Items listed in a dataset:
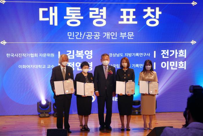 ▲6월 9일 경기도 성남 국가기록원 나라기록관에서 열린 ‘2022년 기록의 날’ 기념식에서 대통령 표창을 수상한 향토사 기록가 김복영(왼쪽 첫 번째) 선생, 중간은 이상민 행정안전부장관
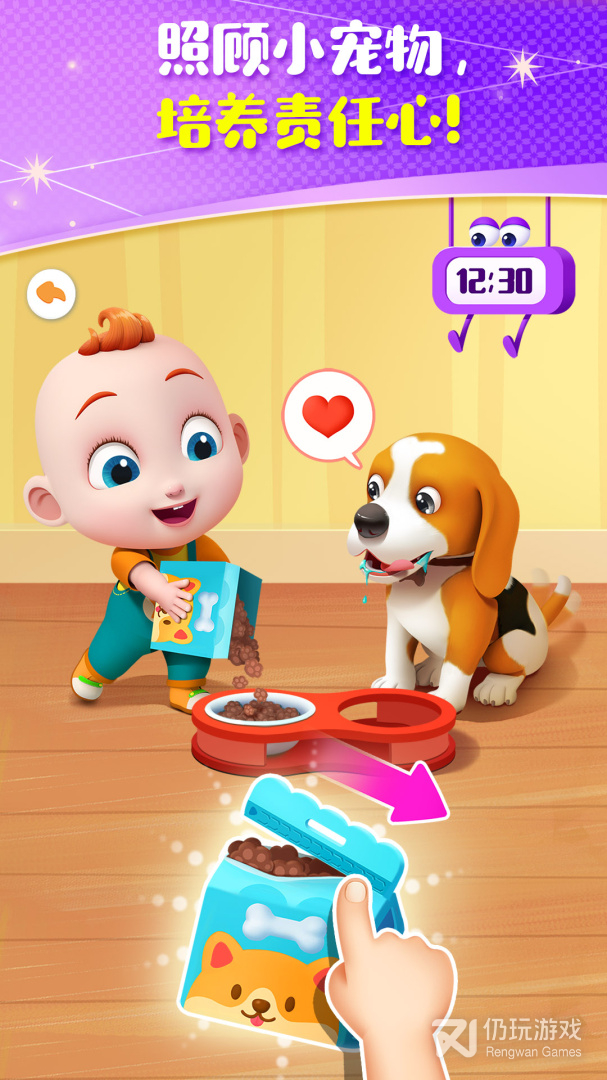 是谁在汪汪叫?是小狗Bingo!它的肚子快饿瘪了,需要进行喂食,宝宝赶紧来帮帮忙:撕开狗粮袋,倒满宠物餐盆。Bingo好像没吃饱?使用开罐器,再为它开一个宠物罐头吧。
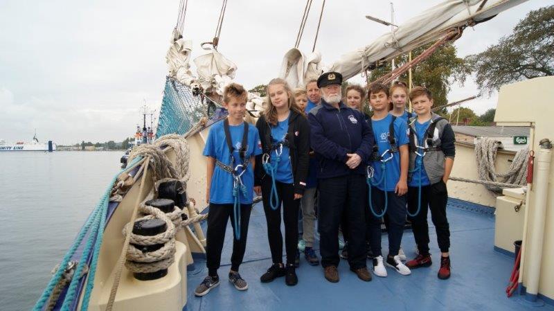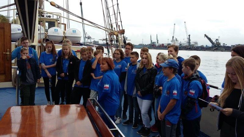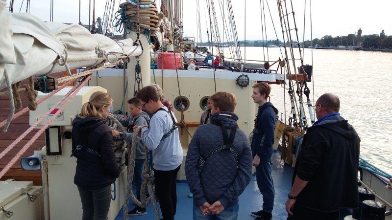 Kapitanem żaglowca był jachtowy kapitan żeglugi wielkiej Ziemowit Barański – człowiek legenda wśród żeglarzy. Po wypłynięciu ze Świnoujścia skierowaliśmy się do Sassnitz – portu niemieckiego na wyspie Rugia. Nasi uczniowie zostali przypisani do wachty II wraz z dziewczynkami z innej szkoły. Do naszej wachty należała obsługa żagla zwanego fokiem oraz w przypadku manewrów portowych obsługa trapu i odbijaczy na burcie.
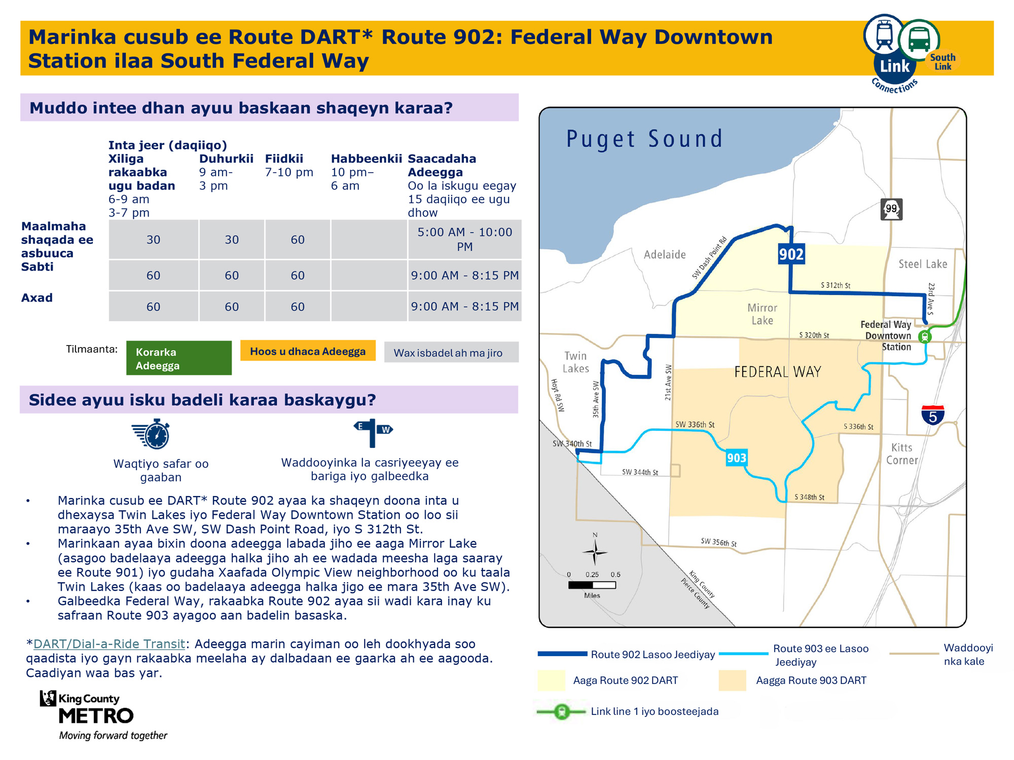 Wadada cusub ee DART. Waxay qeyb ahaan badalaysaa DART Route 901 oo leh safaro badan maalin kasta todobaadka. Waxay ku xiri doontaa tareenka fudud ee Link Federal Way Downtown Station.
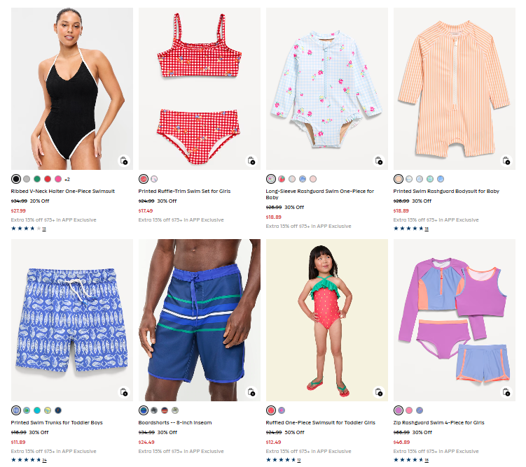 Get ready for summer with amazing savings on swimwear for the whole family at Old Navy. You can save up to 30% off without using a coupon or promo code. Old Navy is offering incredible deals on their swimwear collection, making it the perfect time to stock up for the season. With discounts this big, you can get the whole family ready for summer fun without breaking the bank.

Problem details -
Print once more, exactly, the lines that start at the top of the records above and end at the line with "是谁在汪汪叫?是小狗Bing", skipping all pictures.

Result of this exercise -
 ▲6월 9일 경기도 성남 국가기록원 나라기록관에서 열린 ‘2022년 기록의 날’ 기념식에서 대통령 표창을 수상한 향토사 기록가 김복영(왼쪽 첫 번째) 선생, 중간은 이상민 행정안전부장관
 是谁在汪汪叫?是小狗Bingo!它的肚子快饿瘪了,需要进行喂食,宝宝赶紧来帮帮忙:撕开狗粮袋,倒满宠物餐盆。Bingo好像没吃饱?使用开罐器,再为它开一个宠物罐头吧。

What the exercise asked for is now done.